## Exercise directions
Every line from the one holding "把适量肉馅放入萝卜片的一边,然后对折萝卜。" through the one holding "還需要注意的是,據(jù)東" in the data below must be returned exactly, both ends included, with pictures left out and nothing else added.
---------- Material for the task ----------
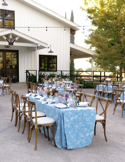 Christine wore a simple, refined gown that matched her graceful and soft-spoken personality. Craig looked equally timeless in a classic suit. French blue linens on the reception tables brought a sophisticated contrast to the vibrant florals. The overall design felt both elevated and meaningful. Guests commented all night on how beautiful and cohesive the space looked.
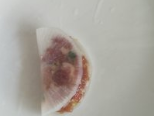 把适量肉馅放入萝卜片的一边,然后对折萝卜。
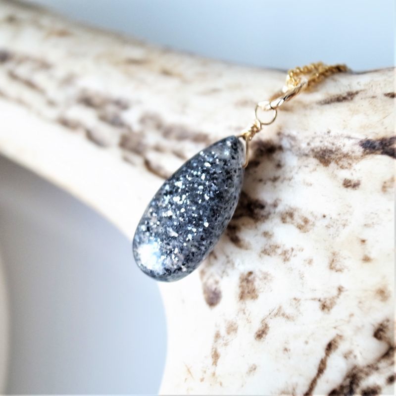 半額SALE【在庫僅少・訳あり・M】ブラックサンストーン スムースペアシェイプ サージカルステンレス40cmネックレス
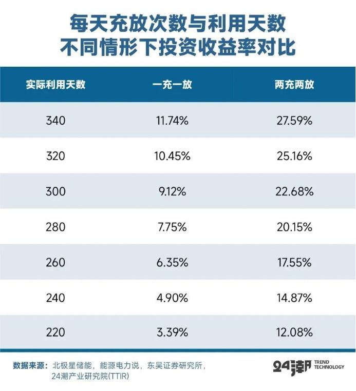 還需要注意的是,據(jù)東吳證券測算,工商儲實際應(yīng)用中收益率低于理論值,對工商業(yè)業(yè)主吸引力有限。工商儲單個項目功率較大,初始投資成本約上千萬元,此外分時電價政策變化的不確定性、若實際利用天數(shù)較低,收益率將打較大折扣,每天同一充放次數(shù)下,220天利用天數(shù)與340天利用天數(shù)可產(chǎn)生近2倍收益率差異??紤]目前實際利用是一充一放為主,280利用天數(shù)下IRR為7.75%。
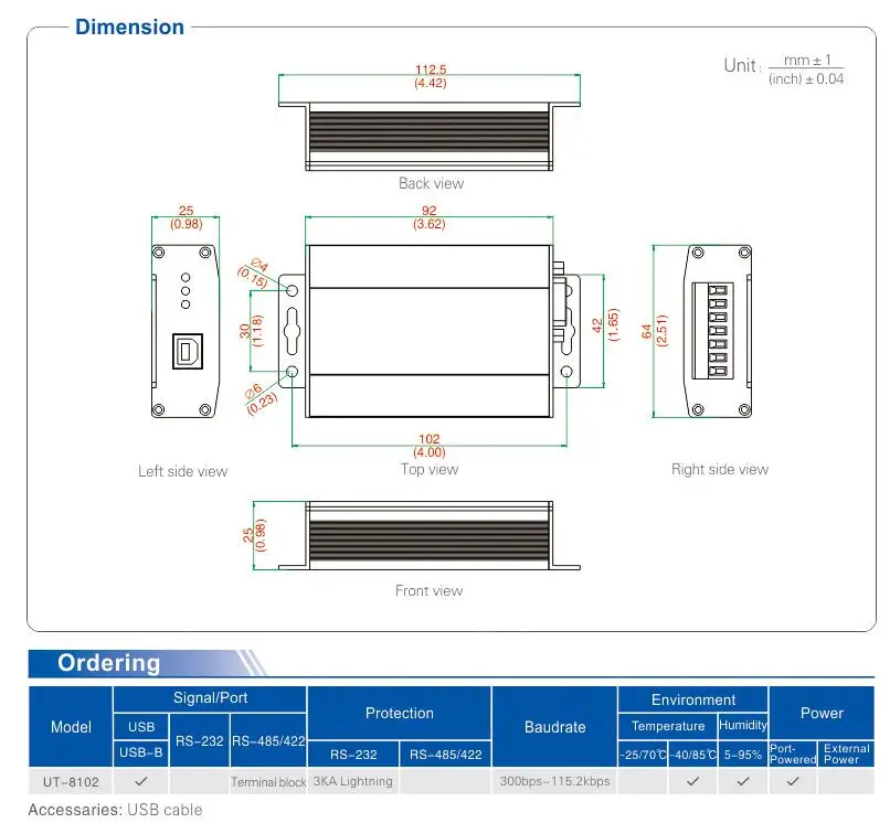 El convertidor de UT-8102 proporciona conexión para la comunicación punto a punto. La velocidad de transmisión puede ser 300-115.200bps. Los indicadores de potencia y flujo de datos indican el estado de funcionamiento.
----------
## Answer below
 把适量肉馅放入萝卜片的一边,然后对折萝卜。
 半額SALE【在庫僅少・訳あり・M】ブラックサンストーン スムースペアシェイプ サージカルステンレス40cmネックレス
 還需要注意的是,據(jù)東吳證券測算,工商儲實際應(yīng)用中收益率低于理論值,對工商業(yè)業(yè)主吸引力有限。工商儲單個項目功率較大,初始投資成本約上千萬元,此外分時電價政策變化的不確定性、若實際利用天數(shù)較低,收益率將打較大折扣,每天同一充放次數(shù)下,220天利用天數(shù)與340天利用天數(shù)可產(chǎn)生近2倍收益率差異??紤]目前實際利用是一充一放為主,280利用天數(shù)下IRR為7.75%。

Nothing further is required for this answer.